- Ustad Hidayatullah

Background information
- Born: 1940 Dag Besood, Nowshera, Khyber Pakhtunkhwa
- Origin: Khyber Pakhtunkhwa
- Died: 28 September 2019 (aged 78–79) Peshawar, Pakistan
- Occupations: Folk singer; Playback singer;
- Years active: 1970–2014
- Resting place: Dag Behsud Pabbi
- Other names: Ustad Hidayatullah
- Awards: Pride of Performance

= Hidayatullah (singer) =

Pashto folk musician and playback singer (1940–2019)

Hidayatullah (1940 – 28 September 2019; sometimes spelled Hidayat Ullah, also known by honorific title Ustad Hidayatullah), was a Pakistani Pashto folk musician, playback singer and touring artist who primarily sung multilingual songs in numerous regional languages such as Pashto, Urdu, Hindko, Punjabi, and in Persian language. His live concerts include Europe, U.S., UAE and in 1969 or earlier, he was invited by an Afghan king Mohammed Zahir Shah to Kabul as a state guest and named him "Mohammed Rafi of Pashto".

==Life and background==
Hidayatullah was born in 1940 at Dag Besood, Nowshera, Khyber Pakhtunkhwa. Before his initial schooling, his family moved to Peshawar where he attended Edwardes High school (now Edwardes College Peshawar) and did his matriculation.
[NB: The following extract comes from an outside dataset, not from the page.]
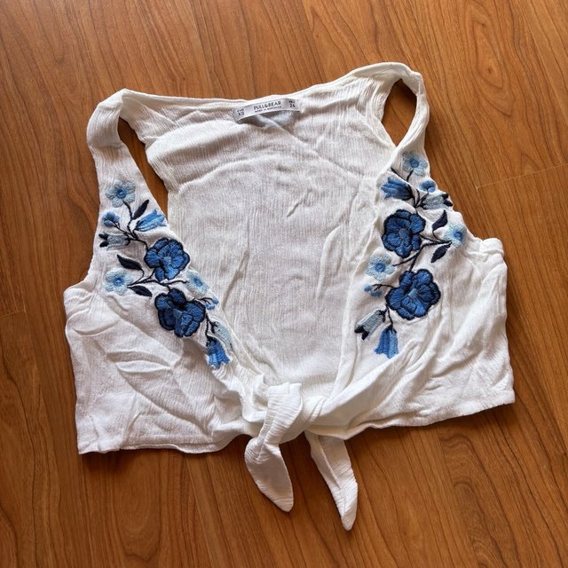 Top blanco de Pull&Bear con un bonito bordado floral en tonos azules. Tiene un diseño anudado en la parte delantera.

In 1960, he joined a state government agency and served in agriculture department until he retired from the service as a senior clerk in year 2000.

==Career==
After completing his matriculation, Hidayatullah was engaged in attending a weekly darbar of Mehfil-i-Sama where one of his spiritual teachers asked him to sing a Sufi song. After participating in concert of classical music, his made singing Qawwalis his daily routine. He learnt music from Abdul Karim (Andaleeb Ustad) and Khalid Malak, and later in 1963 he joined Radio Peshawar where he was introduced to other artists such as Khyal Muhammad, Kishwar Sultan, Gulab Sher, Gulnar Begum and Kishwar Sultan. His Pashto song "Der Karredealay Yema" was aired from Peshawar Radio station. Hidayatullah originally started his singing career with a first-ever Pashto film Yousuf Khan Sher Bano during 1970s. Later, he sung songs for other films in Hindko and Punjabi languages. His prominent songs include "Yama Da Truck Driver" for Urbal and Nishta De Manzil Zama film. His prominent Hindko language song "Qissakhwani de Wechkaar" was released in 1980. His songs include "Rasha Auo Rasha", "Tere Shwey Warze Da Khanda", and "Manzal Da Tolo Uew De Kho Safar Juda Juda". As a singer, Hidayatulla predominantly worked for Pashto films such as Deedan, Ghazi Kaka, Orbal, Jawargar, Alaqa Ghair, and Da Pakhtun Tora. He became the recipient of the Pride of Performance and two Living Human Treasures in recognition of his contributions to Pashto music.

==Death==
During his last days, he passed his life under extremely unstable events as he had not gained much popularity until his last songs were released, leading him to earn national recognition. It is believed he lived his life in oblivion from 2004 to 2019, as he had several not-known personal issues due to amnesia and other health ailments. Hidayatullah died at his residence Kakshaal Qadeem on 28 September 2019 in Peshawar. He is buried in Dag Behsud Pabbi village of Nowshera district.